Dear Sean,
2017-08-29 17:39 GMT+02:00 SEAN CHRISTOPHER BUCHANAN Sean.Buchanan2@umanitoba.ca:
We are looking to collect data on the difference between revisions over the lifetime of a three Wikipedia pages (see attached screenshot)
We haven’t found a way to do that through the channels on the web page and were wondering if you have any ideas on how such data could be collected?
If you are interested in past revisions, the simplest way I can think of is through Special:Export:
1. go to https://en.wikipedia.org/wiki/Special:Export; 2. write Capitalism, Socialism and Communism in the textarea, each on its own line (or repeat the whole process thrice with only one line each time); 3. uncheck the “Include only the current revision, not the full history” to get the full history; 4. click “Export” and download the file.

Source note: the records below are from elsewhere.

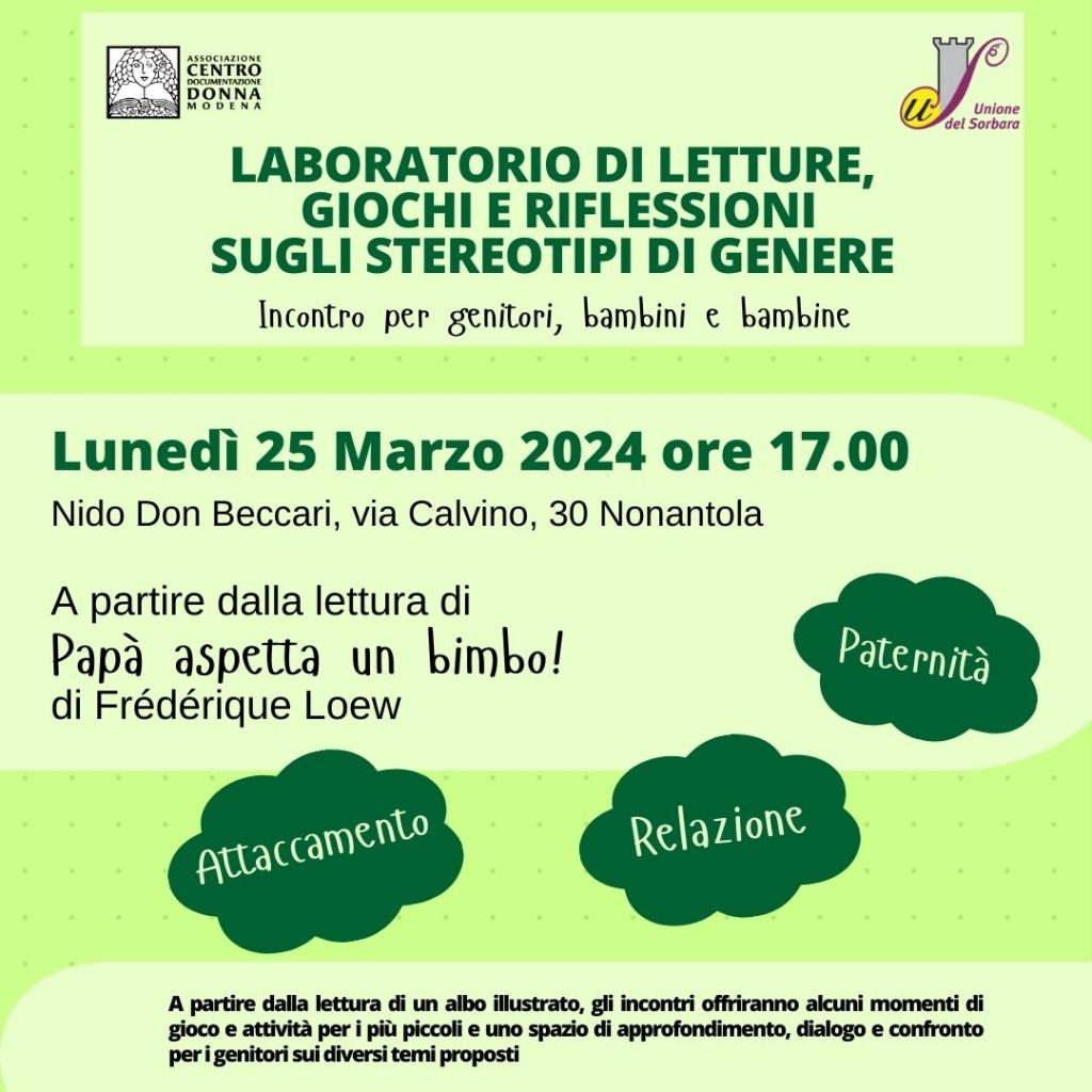 Primo appuntamento del Laboratorio di letture, giochi e riflessioni sugli stereotipi di genere. Incontro per genitori, bambini e bambine promosso da Centro documentazione donna e Unione del Sorbara, lunedì 25 marzo 2024 alle ore 17.00 presso il Nido Don Beccari di Nonantola (Via Calvino, 30) a partire dalla lettura di “Papà aspetta un bimbo!” di […]
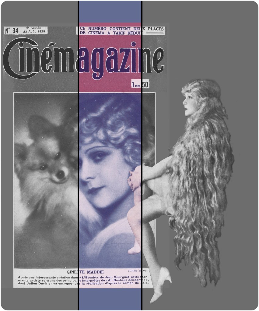 «Ginette Maddie tiene un gran amor, que no oculta. Se lo profesa a su hermoso perro San Bernardo, que la sigue a todas partes, como un falderillo y que siempre está dispuesto a defender a su ama de los entusiasmos violentos que despierta en sus admiradores. Este perro ha aparecido en varias películas con la artista y, a pesar de que siempre obtuvo éxitos muy merecidos, nunca se le ocurrió pedir a su señora y amiga un aumento de sala rio o de ración de comida.» (en La Unión ilustrada, 1923). En cierto sentido, los críticos de cine se referían a los perros en la pantalla, fueran grandes, medianos o diminutos, como seres a los que no se contemplaba con bastante respeto. Este San Bernardo al que se refiere el cronista era muy solicitado, nadie le molestaba, tenía su comida y su descanso, y muchas obligaciones promocionales, como cualquier otro actor. Era el perro personal de la actriz francesa Ginette Maddie (1898-1980), en este caso para el filme Le diamant noir (André Hugon, 1922). La actriz aparecerá en numerosas fotografías con su pomerano, y fue portada con falderillo en Cinemagazine, en 1929, ya entrando el cine sonoro con motivo de la promoción del filme Au Bohneur des Dames (Julien Duvivier), desde la novela homónima de Zola.
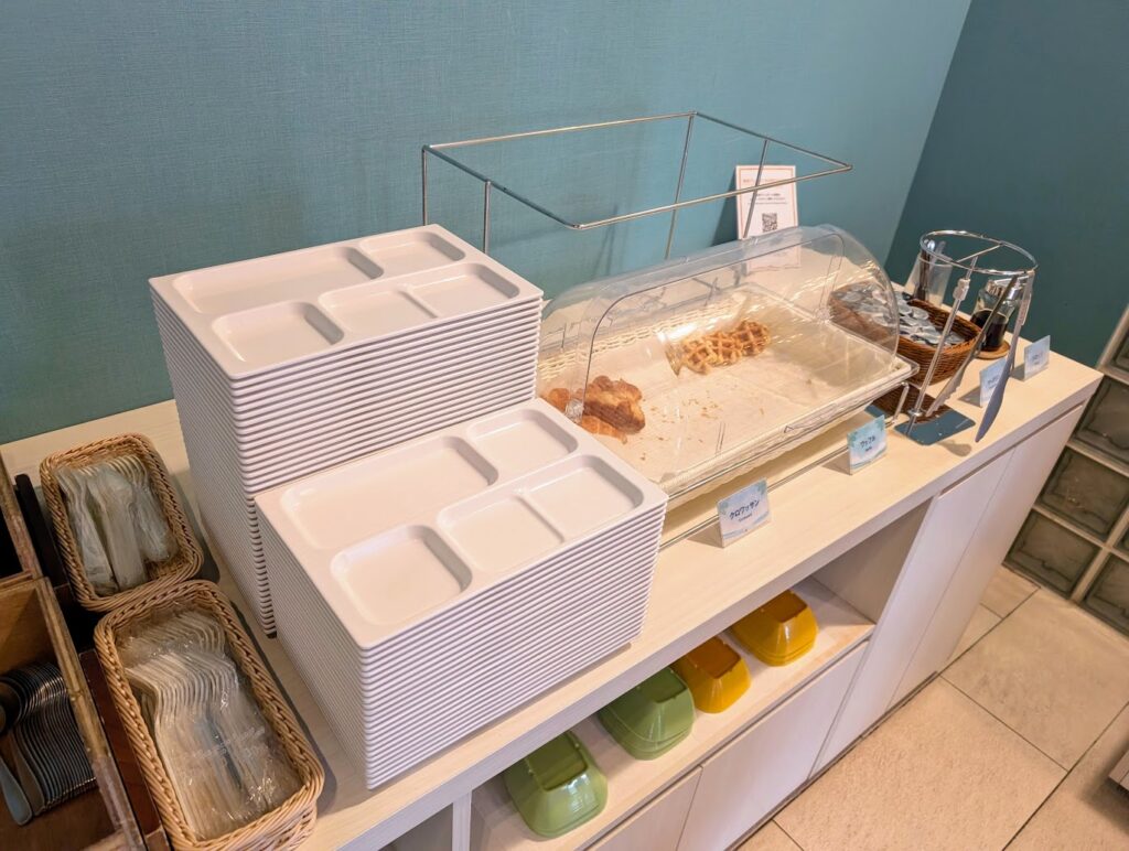 入口は食器類とパン、ドリンク

You will get a large XML file containing every single revision of each article.
In addition, if you are interested in getting new revisions as they are made (ie. in real time), you might want to have a look at EventStreams¹, but is is somehow less user friendly (unless the user is well versed in programming, that is).
Best regards,
PS : what could be incredibly useful to dive into articles histories would be to import them in git², as it would allow the user to see diffs between revisions the way you see them online, to look for when a given sentence has been added / removed, etc. There are some very user-friendly tools to present the histories to non-technical users once the import has been made.
¹ https://wikitech.wikimedia.org/wiki/EventStreams ² https://git-scm.com/